With increasing populations and out-of-state travelers, there are more drivers on Colorado's roads than ever before. Shailen Bhatt, executive director of the Colorado Department of Transportation, shared some important takeaways on the new reality for Colorado motorists unless more money is found to fix roads and bridges, and build new road projects.
1. Congestion will get worse.
Bhatt: "It's going to get worse. I don't know how else to say it. It's going to get worse. I can't operate a two-lane highway in the Monument section of I-25 that deals with the capacity issues I have. I can't deal with the Loveland issue. I can't deal with a two-lane section of highway when three million people want to get up to the mountains."
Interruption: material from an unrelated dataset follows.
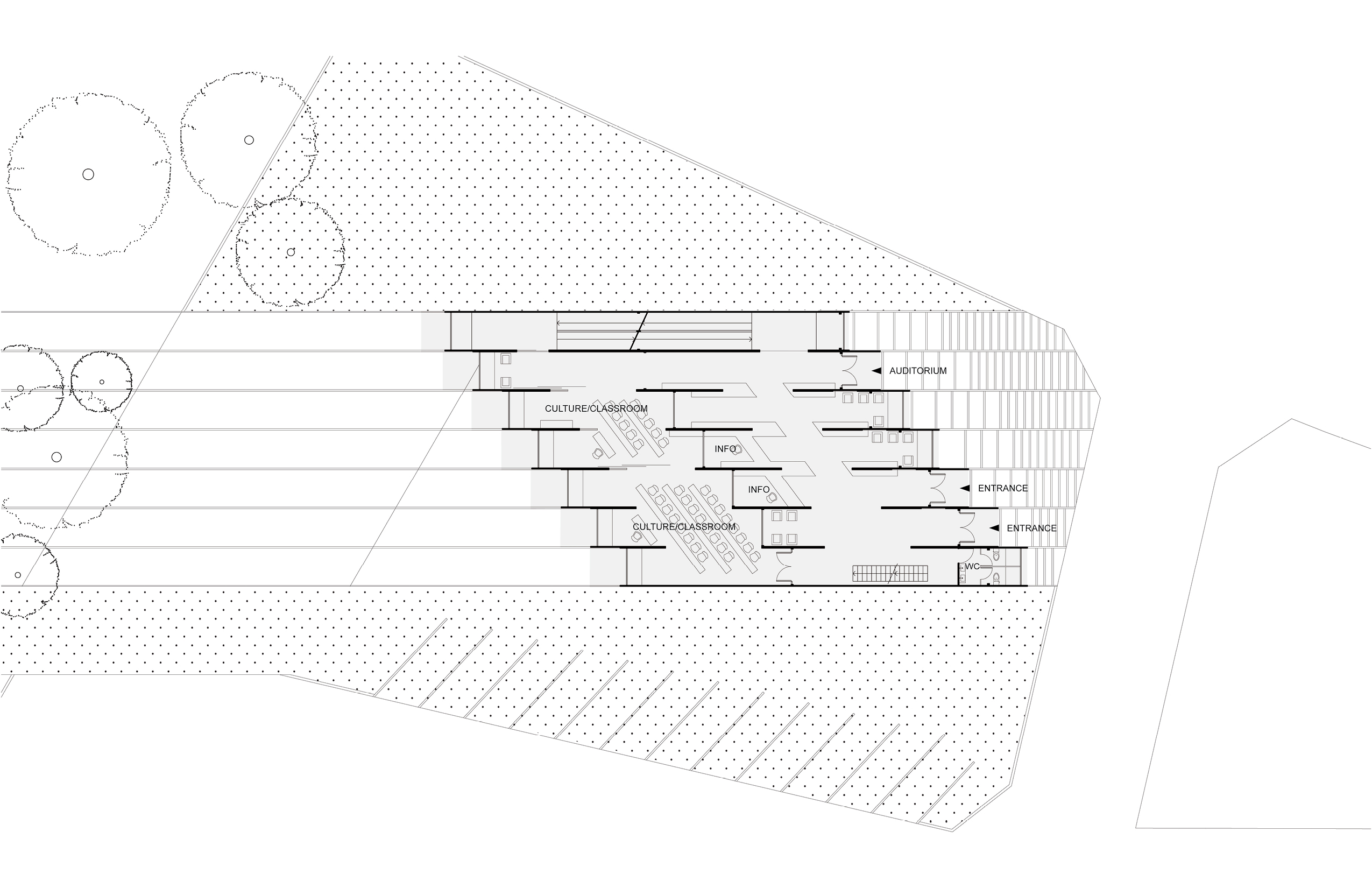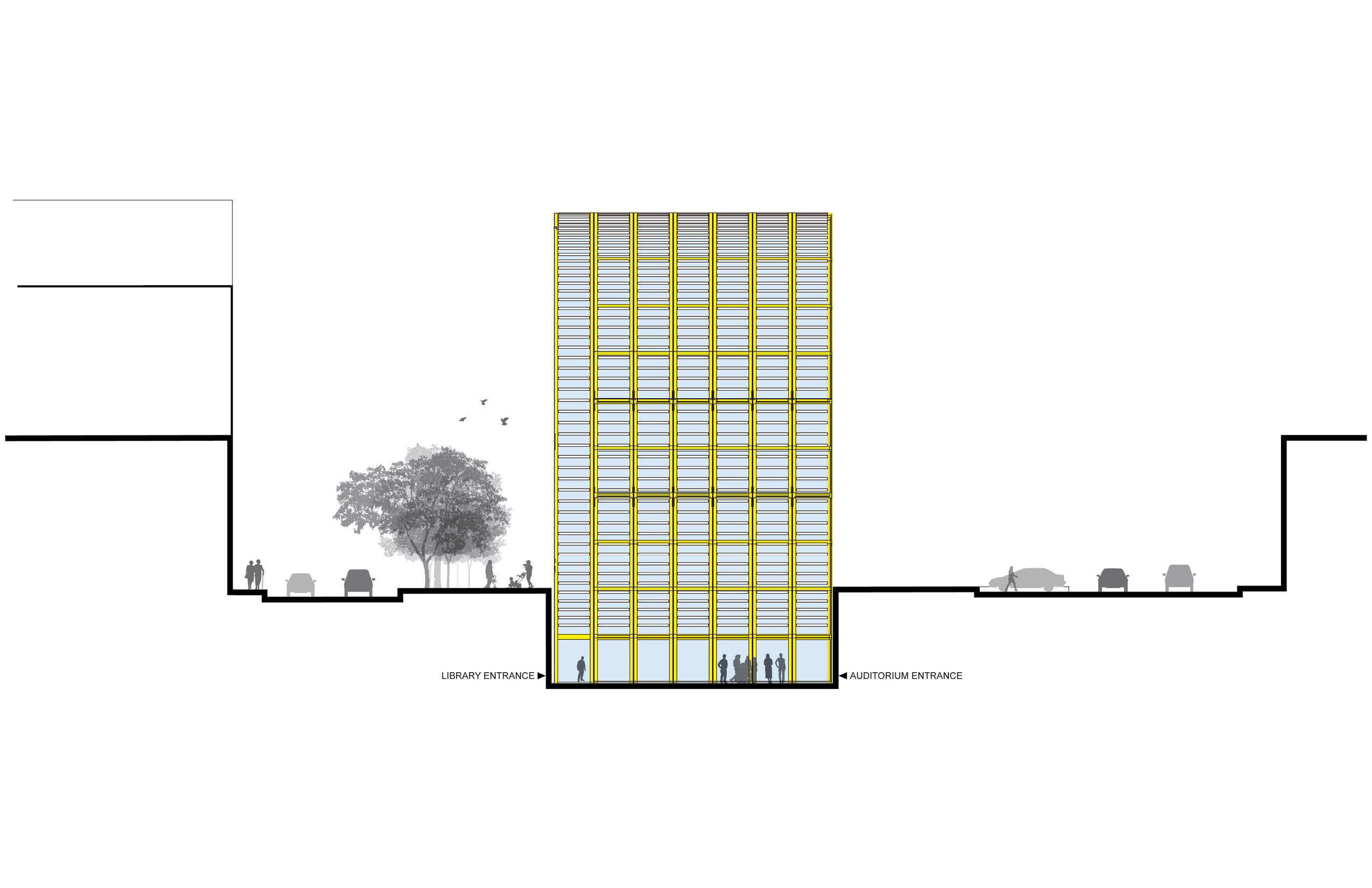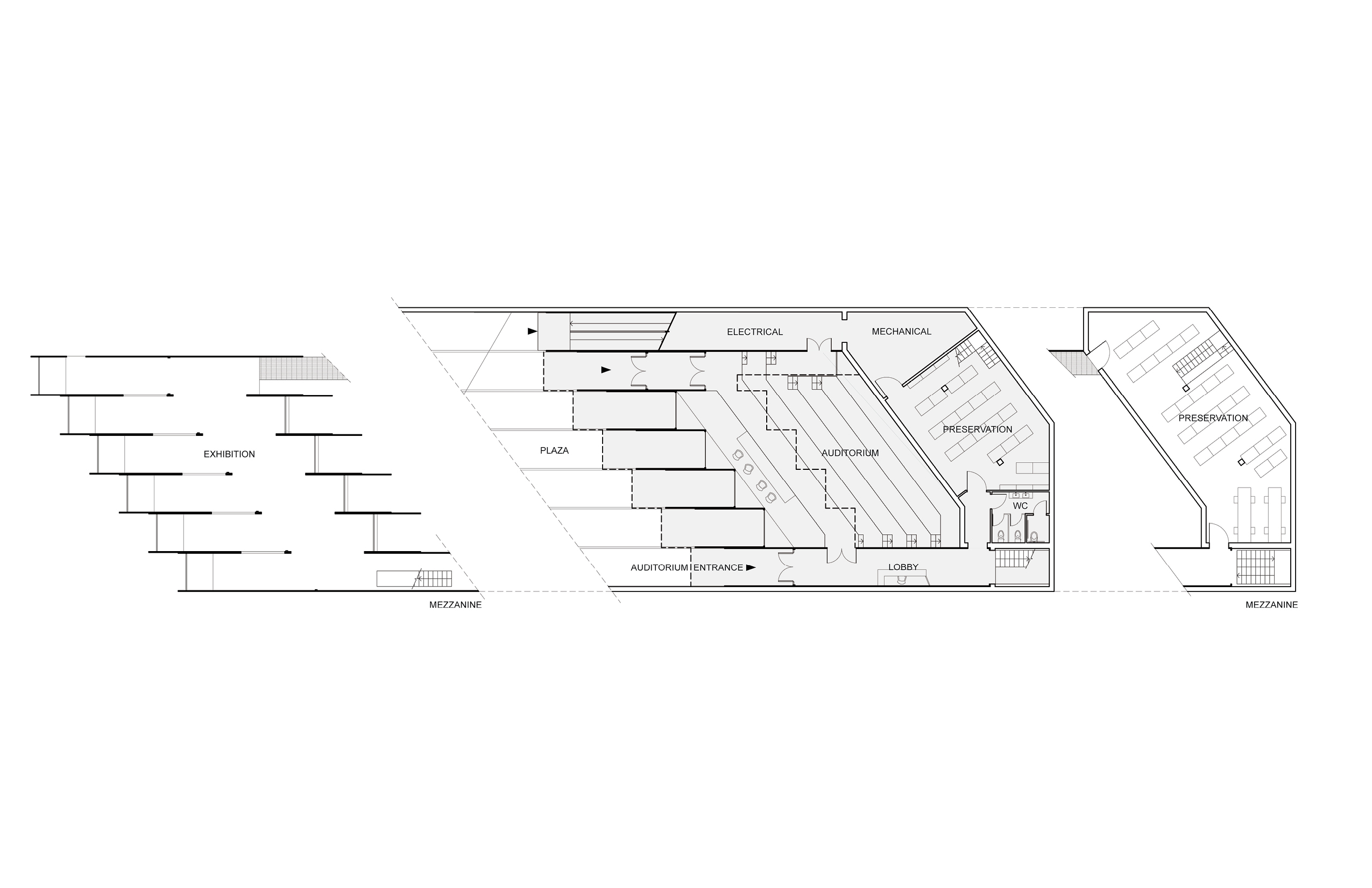 The plaza leads down to an independent entrance for the assembly room/auditorium at the lowest level, and to exhibition spaces on an adjacent mezzanine. On the South side of the building, a street-level entrance leads visitors to the lobby/information area of the library. In the lobby; a translucent ceiling filters in daylight from an atrium above, while filtering out sound from the entry area. The floor of that atrium is the second level above ground, and serves as the main library level, which is overlooked by four terraced reading areas, each on their own mezzanine, and by book stacks and shelves.

2. Increasing the gas tax makes sense.
Bhatt: "Everybody is sitting in congestion right now on Colorado roadways, or they're hitting pot holes. When you sit in congestion on I-25 on I-70, you are paying. You are paying with your time. Your goods, whether they're your groceries or any other goods sitting in trucks, cost you more. …If we raise the gas tax, which has not been raised since 1991, we could use that money to then make sound investment decisions."
3. Technology could offer solutions.
Bhatt: "If in ten years we have computers running the vast majority of cars right down the center of the lane, maybe I don't need 12 foot lanes. I can reduce my 12 foot lanes on interstates to nine or eight foot lanes, and I can go out and widen I- 25 with just some paint."